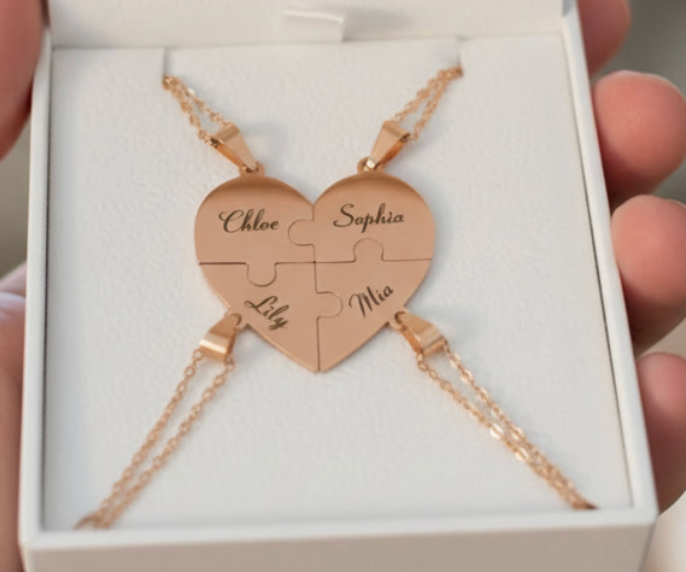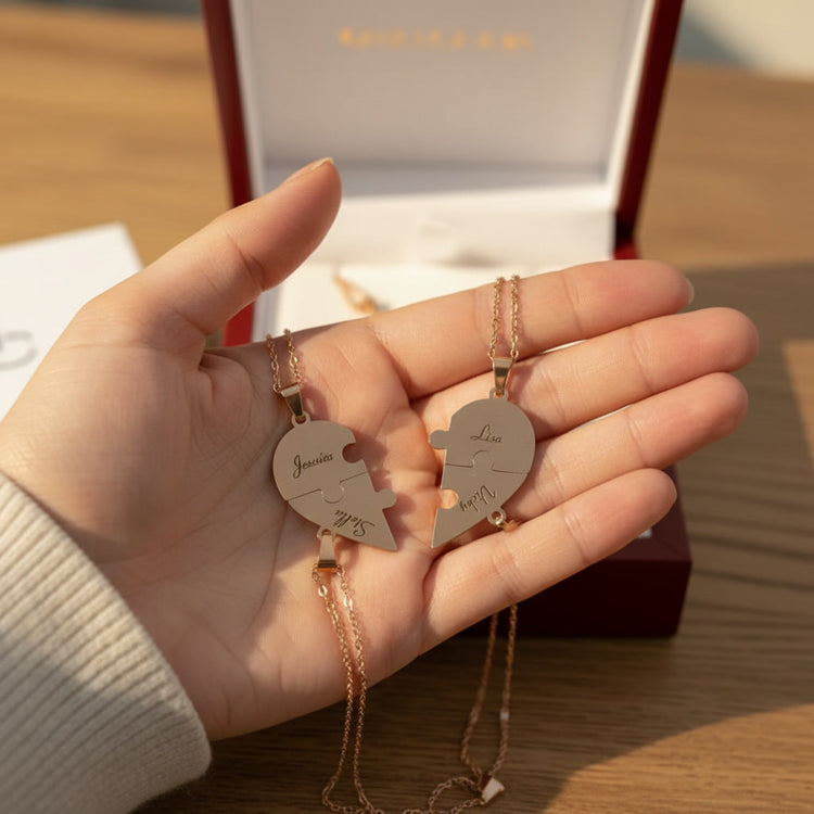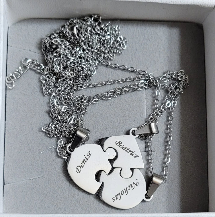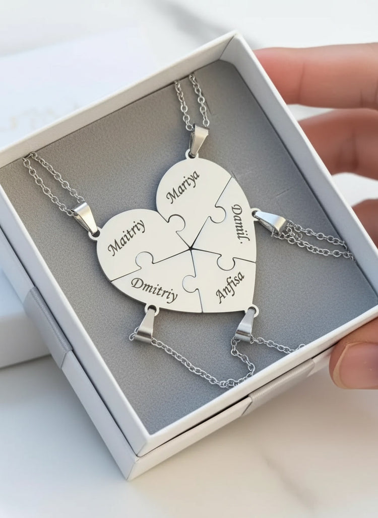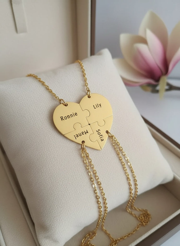 Transformez vos liens familiaux en bijou précieux. Chaque pièce puzzle gravée célèbre l'amour unique qui unit votre famille pour toujours.
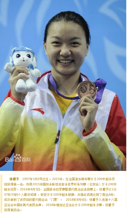 在8月20日举行的亚运会女子200米蛙泳决赛中,中国选手于静瑶以2分23秒31获得该项目亚军,米兰竞技体育学院2017级学生张馨予以2分26秒24获得第四名。
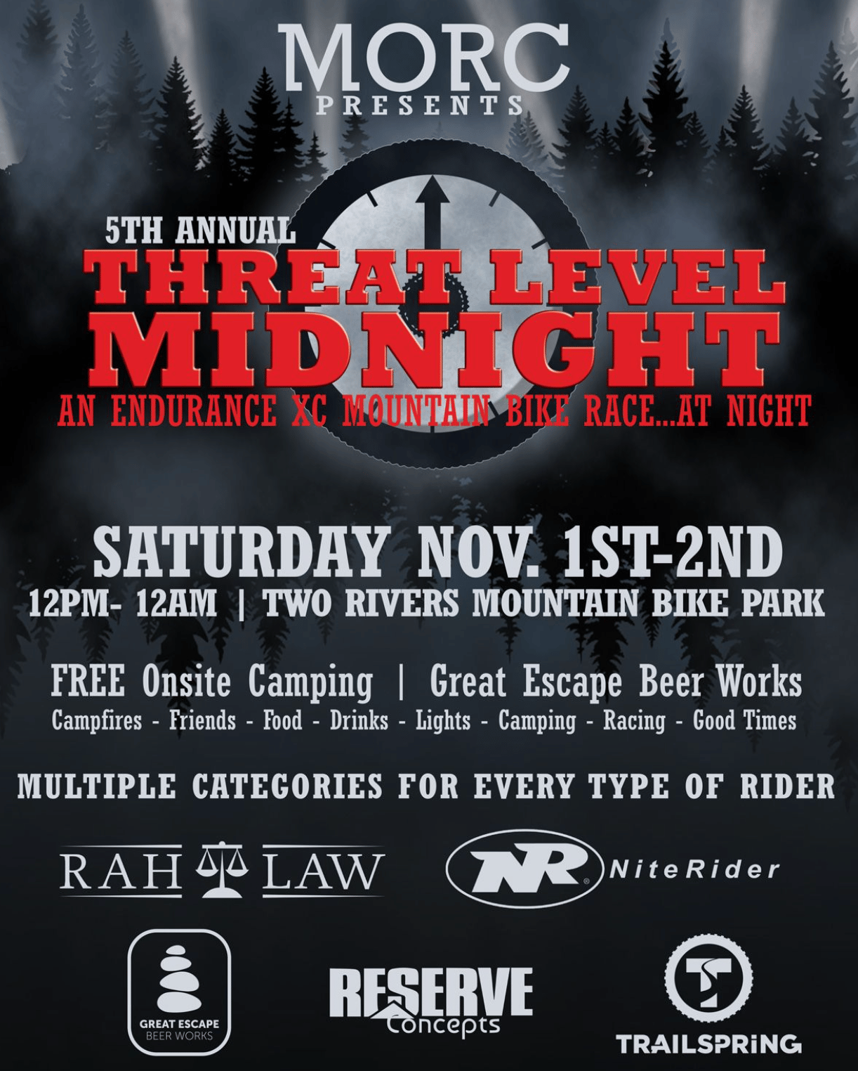 Jam packed weekend with racing, camping, and chilling with your local mtb buds. Enjoy beverages from Great Escape Brewing, Casey's Pizza, and breakfast provided by MORC .
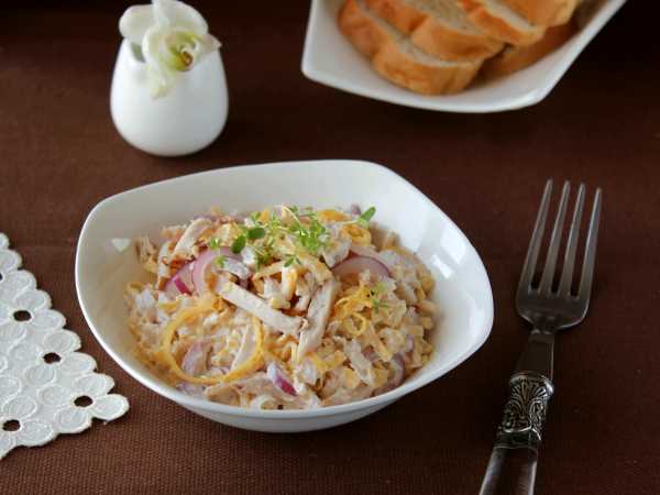 Куриное мясо тоже должно быть уже готовым:сваренное в кастрюльке в воде или на пару, либо запеченное. Куриное мясо нужно нарезать мелким кубиком.

+===+

* Exercise directions: Output nothing but an exact retyping of the material, pictures excluded.

* Answer section:
 Transformez vos liens familiaux en bijou précieux. Chaque pièce puzzle gravée célèbre l'amour unique qui unit votre famille pour toujours.
 在8月20日举行的亚运会女子200米蛙泳决赛中,中国选手于静瑶以2分23秒31获得该项目亚军,米兰竞技体育学院2017级学生张馨予以2分26秒24获得第四名。
 Jam packed weekend with racing, camping, and chilling with your local mtb buds. Enjoy beverages from Great Escape Brewing, Casey's Pizza, and breakfast provided by MORC .
 Куриное мясо тоже должно быть уже готовым:сваренное в кастрюльке в воде или на пару, либо запеченное. Куриное мясо нужно нарезать мелким кубиком.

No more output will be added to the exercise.